Капитан обыскивает тела турок, снимая с них дорогие украшения, одежду, вытаскивает кошели и драгоценности из-за пазух, свинчивает перстни и браслеты с пальцев и рук. Поколебавшись, проделывает то же с погибшими испанцами.
— Им все равно ничего не понадобится, — извиняюще улыбается он.
Тем временем Хуа То и немного оклемавшийся Сафонка сбрасывают в воду мертвых — всех, кроме Джумбо, оттаскивают раненых рабов в тень спущенного с грот-мачты паруса, образовавшего как бы навес. Бывший монах Шаолиня уверен, что ни один из них не дотянет до утренней зари: слишком кровообильны раны, чересчур истощены тела. Испанцев в живых не осталось ни одного — османы постарались. Сафонка читает по убиенным заупокойную молитву, другую — во здравие пострадавших. Китаец отворачивается, пряча скептическую ухмылку.

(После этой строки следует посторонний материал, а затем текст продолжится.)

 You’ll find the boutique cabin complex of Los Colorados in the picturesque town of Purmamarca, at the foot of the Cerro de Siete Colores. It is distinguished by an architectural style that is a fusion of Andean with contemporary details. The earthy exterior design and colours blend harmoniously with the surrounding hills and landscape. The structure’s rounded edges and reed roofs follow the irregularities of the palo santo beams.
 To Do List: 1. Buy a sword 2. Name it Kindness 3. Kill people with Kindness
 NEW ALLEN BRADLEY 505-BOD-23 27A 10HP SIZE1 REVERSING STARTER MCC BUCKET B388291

Дон Рамон, бормоча искупительную молитву, возводя очи долу, погружает свой «мисерикордиа»[237]в сердца еще живых турок, обшаривает их трупы и выбрасывает за борт. Добив последнего, решительно и деловито направляется к пришедшему в себя Искандару. Полководец недвижим, голова его покоится на коленях Андроникоса.
— Пожалуйста, не трогать его! — преграждает путь китаец. Дон Рамон недоуменно пожимает плечами, прячет кинжал и присаживается неподалеку. Пошатываясь, подходит и присоединяется к компании Сафонка.

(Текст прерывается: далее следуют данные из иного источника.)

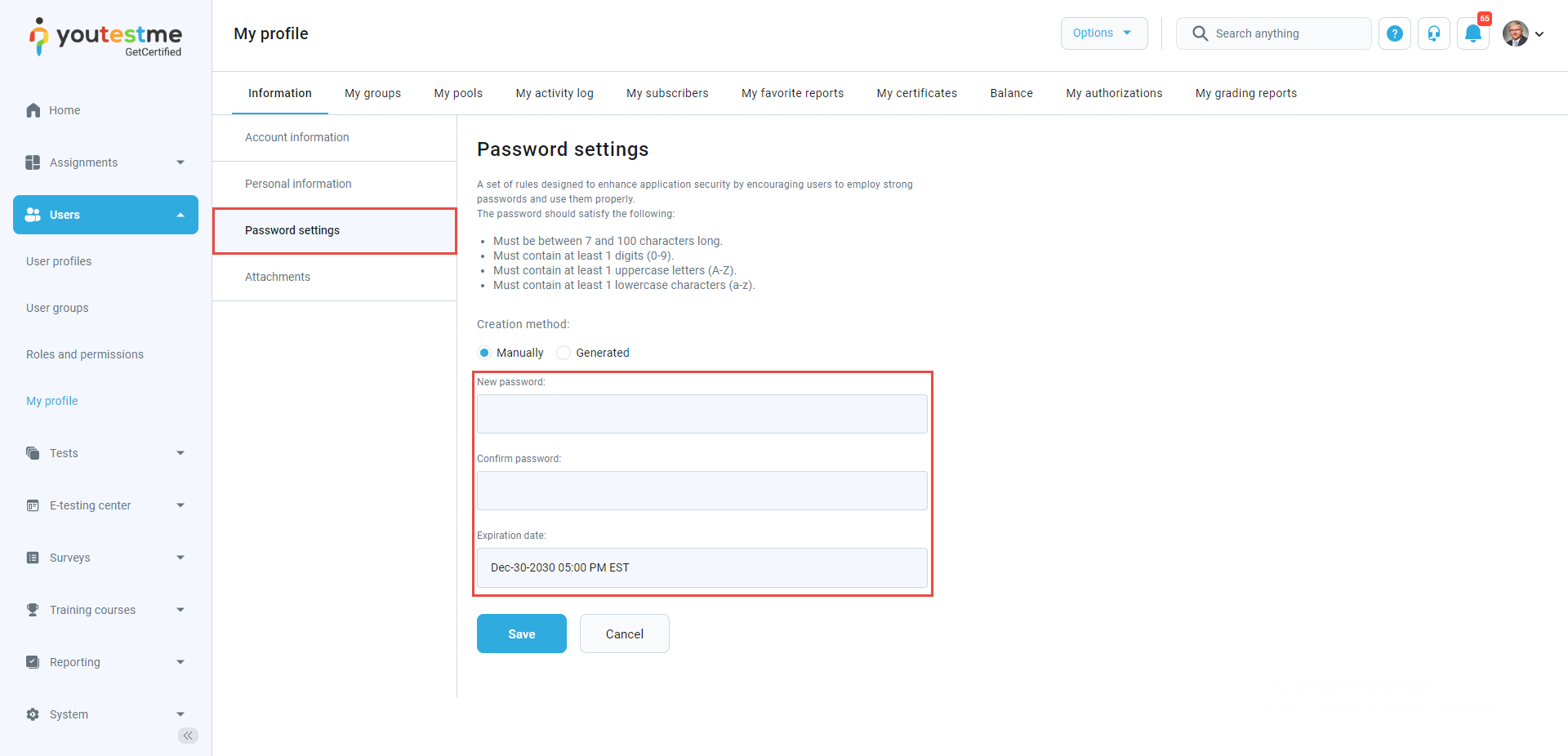 - New user profile created – This notification triggers when a user with the administrator role visits the Users/User profiles page and creates a new user on the Create new user tab. Another way the notification triggers is that the administrator on the List of all users tab clicks the Load users button to upload users from an Excel file. If the notification is enabled, each created user will receive an email containing his profile credentials. After you receive the credentials, you can log in to the system.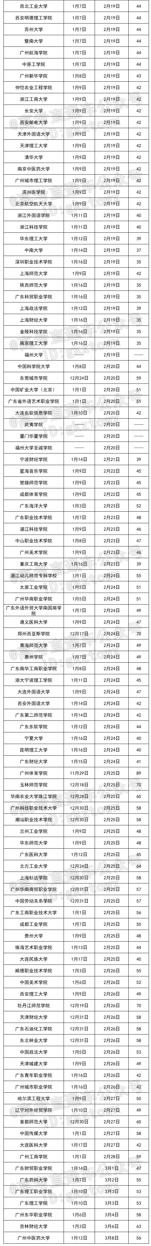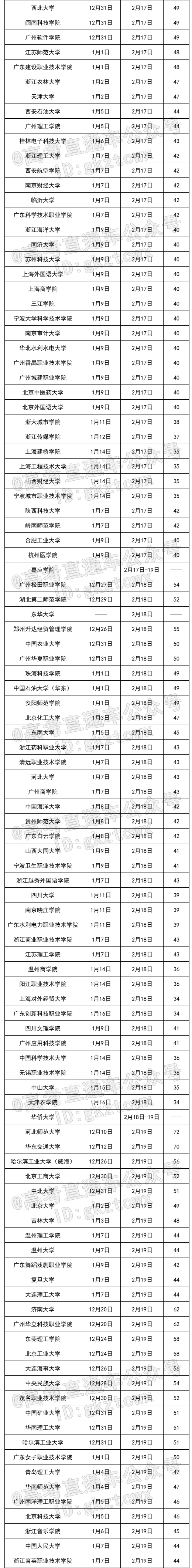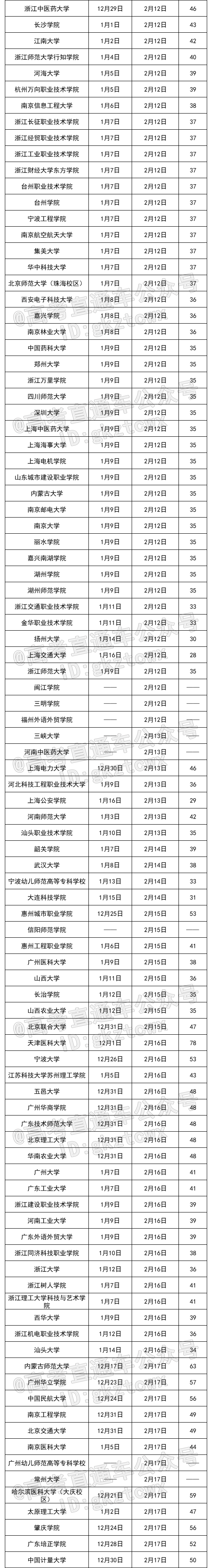 根据已公布的数据来看,大部分高校开学时间都集中在2月份,其中,开学时间最早的大学为广东生态工程职业学院,寒假仅有31天,1月30日就要正式上课;开学时间最晚的大学为广州中医药大学,寒假56天,3月8日才返校上课。

Хуа То переворачивает раненого, скрипящего зубами от боли, на живот. У грека разрублен позвоночник на уровне поясницы, парализованы ноги.
— Сколько мне осталось жить? — спокойно, с натугой в голосе вопрошает Искандар.
— Десять дней. Чуть больше.
— Ты можешь исцелить меня?
— Нет.
— Можешь уменьшить боль?
— Попытаться. Но тогда ты умереть через день-два…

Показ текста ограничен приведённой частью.